◆ TASK INSTRUCTIONS: No picture belongs in the answer, which must hold exactly the lines from the one with "(The trick to" through the final line below.

◆ EXERCISE INPUT:
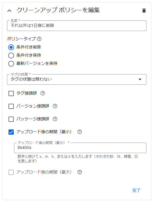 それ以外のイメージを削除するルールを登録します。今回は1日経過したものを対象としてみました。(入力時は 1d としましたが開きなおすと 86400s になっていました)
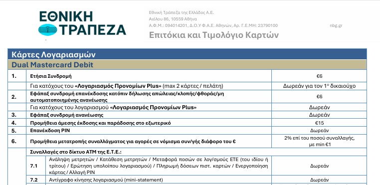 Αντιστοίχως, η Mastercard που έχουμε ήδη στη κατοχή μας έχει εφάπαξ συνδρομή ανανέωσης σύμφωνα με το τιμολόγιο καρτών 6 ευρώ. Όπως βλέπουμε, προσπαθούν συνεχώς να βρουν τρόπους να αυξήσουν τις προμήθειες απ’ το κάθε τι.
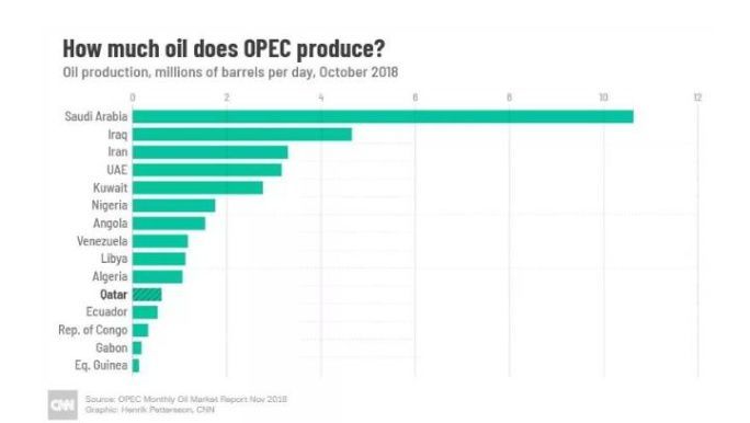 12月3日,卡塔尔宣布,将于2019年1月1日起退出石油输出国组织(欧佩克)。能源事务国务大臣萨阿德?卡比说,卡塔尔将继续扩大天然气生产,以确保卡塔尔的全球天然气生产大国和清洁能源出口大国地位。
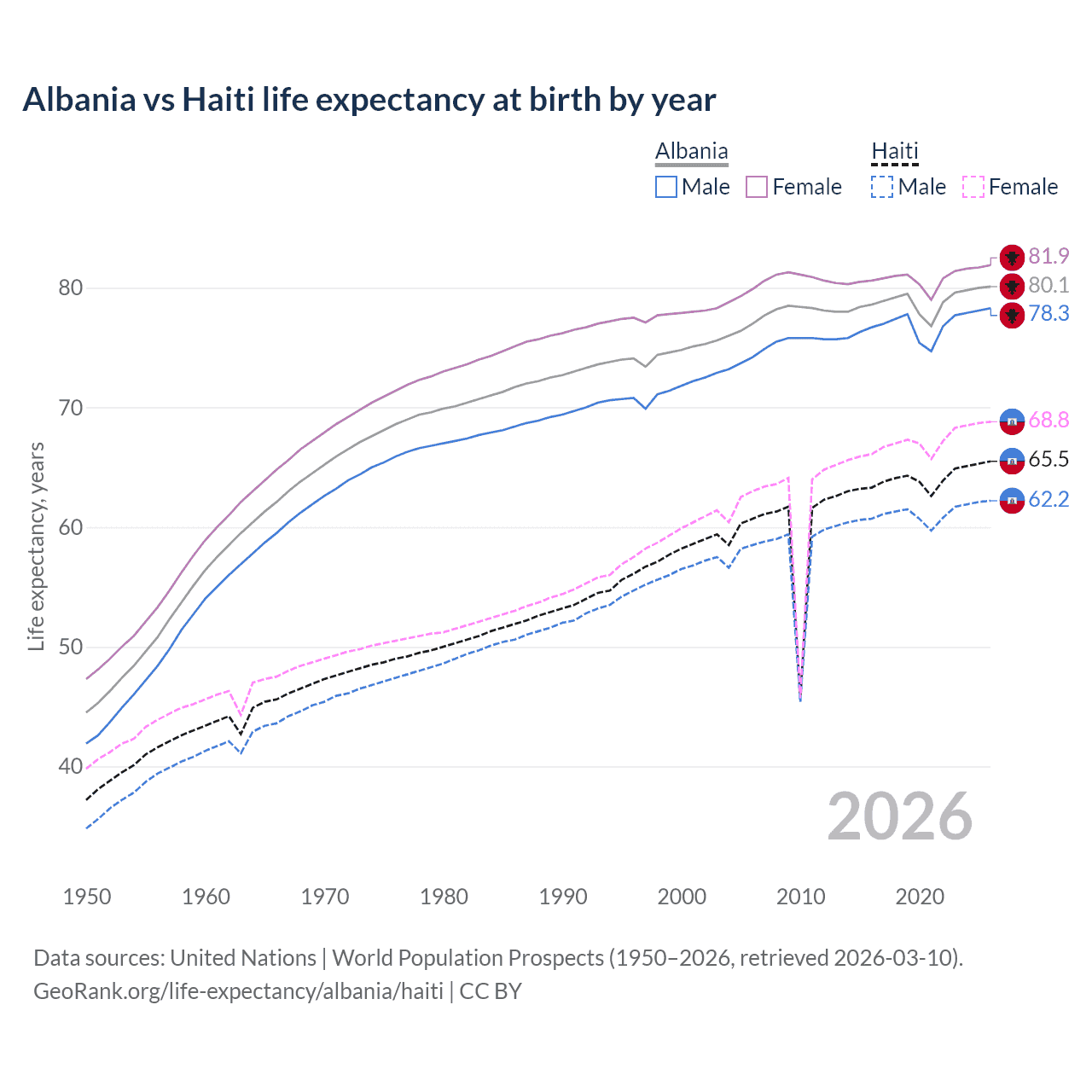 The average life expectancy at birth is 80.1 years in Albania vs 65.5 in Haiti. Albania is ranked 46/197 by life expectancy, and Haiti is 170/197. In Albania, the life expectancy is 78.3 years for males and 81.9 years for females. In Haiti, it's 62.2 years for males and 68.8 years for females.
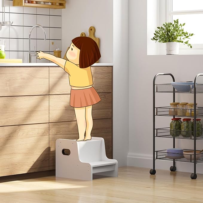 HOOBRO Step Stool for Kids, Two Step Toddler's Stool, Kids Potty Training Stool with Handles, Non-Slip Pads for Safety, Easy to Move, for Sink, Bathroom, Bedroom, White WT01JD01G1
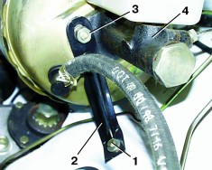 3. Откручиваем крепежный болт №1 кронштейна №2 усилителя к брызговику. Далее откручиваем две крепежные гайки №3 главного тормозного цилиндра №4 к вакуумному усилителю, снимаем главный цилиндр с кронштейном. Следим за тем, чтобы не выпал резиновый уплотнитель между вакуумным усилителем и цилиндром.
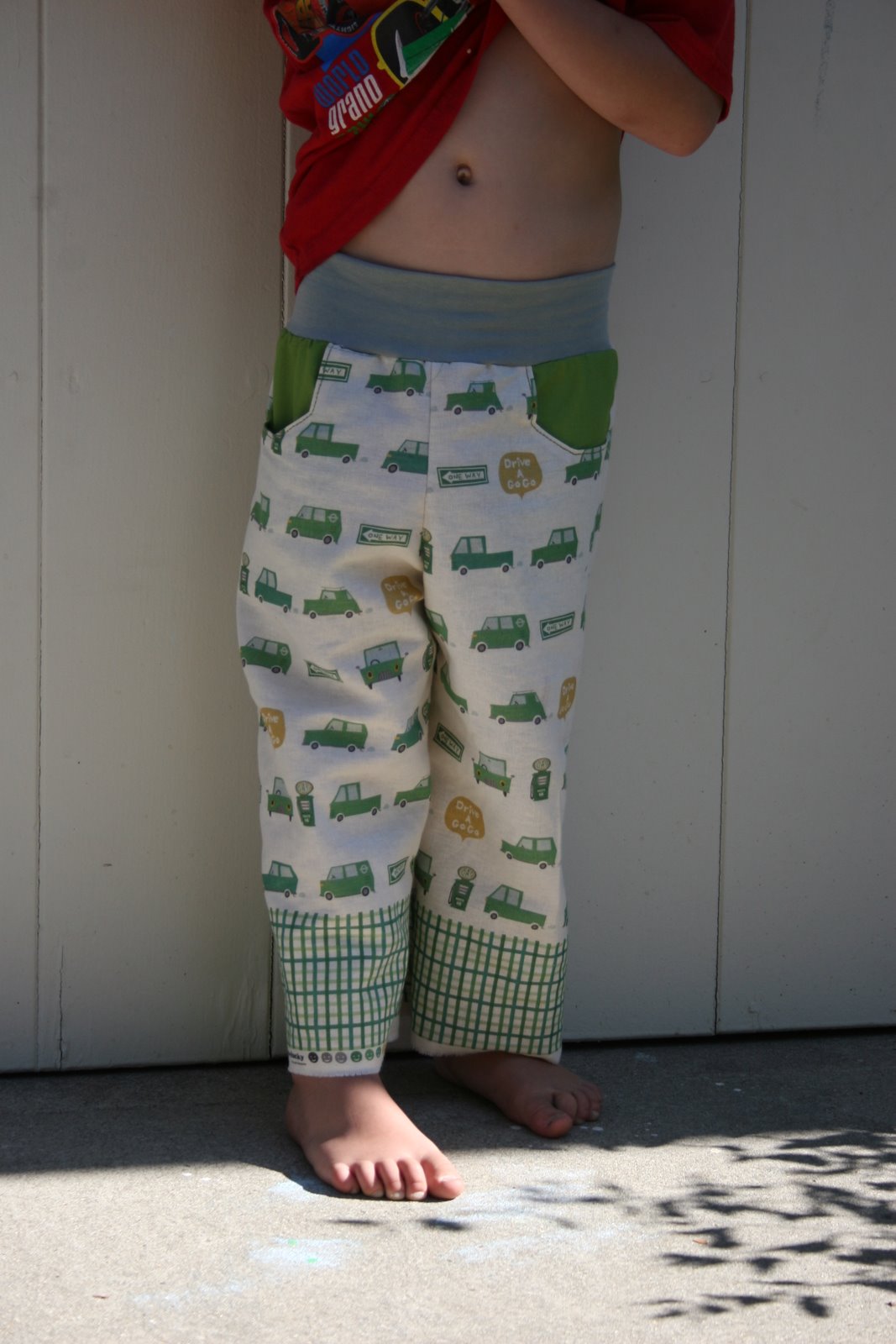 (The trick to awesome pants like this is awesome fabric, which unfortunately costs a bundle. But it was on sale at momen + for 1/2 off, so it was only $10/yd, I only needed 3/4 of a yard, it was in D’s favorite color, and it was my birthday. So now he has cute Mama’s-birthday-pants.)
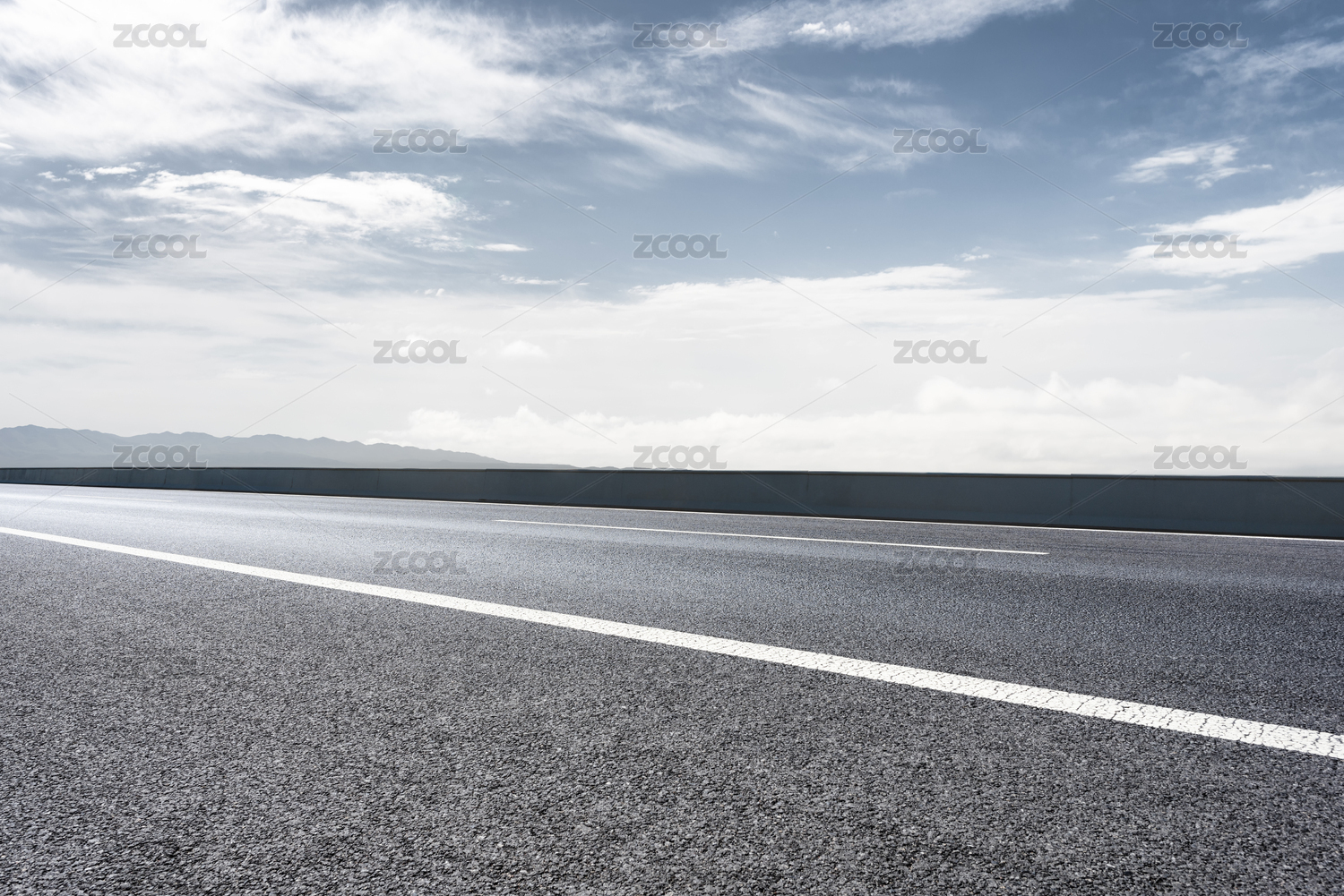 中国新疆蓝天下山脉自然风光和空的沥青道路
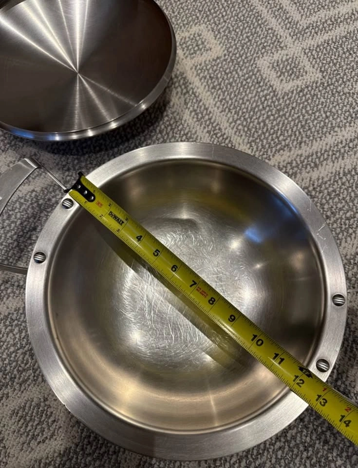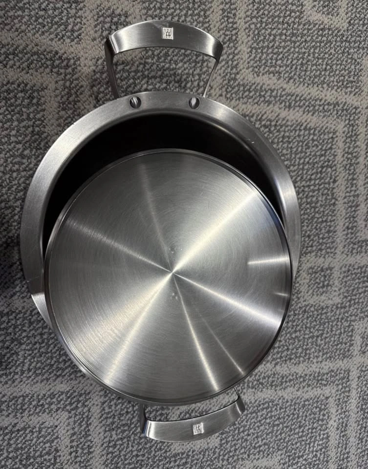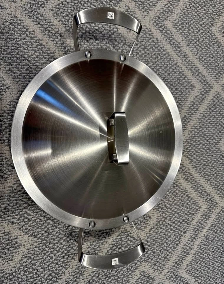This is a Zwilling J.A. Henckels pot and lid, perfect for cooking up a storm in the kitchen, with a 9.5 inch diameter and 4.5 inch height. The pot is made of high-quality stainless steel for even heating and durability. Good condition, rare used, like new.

◆ OUTPUT OF THE TASK:
 (The trick to awesome pants like this is awesome fabric, which unfortunately costs a bundle. But it was on sale at momen + for 1/2 off, so it was only $10/yd, I only needed 3/4 of a yard, it was in D’s favorite color, and it was my birthday. So now he has cute Mama’s-birthday-pants.)
 中国新疆蓝天下山脉自然风光和空的沥青道路
This is a Zwilling J.A. Henckels pot and lid, perfect for cooking up a storm in the kitchen, with a 9.5 inch diameter and 4.5 inch height. The pot is made of high-quality stainless steel for even heating and durability. Good condition, rare used, like new.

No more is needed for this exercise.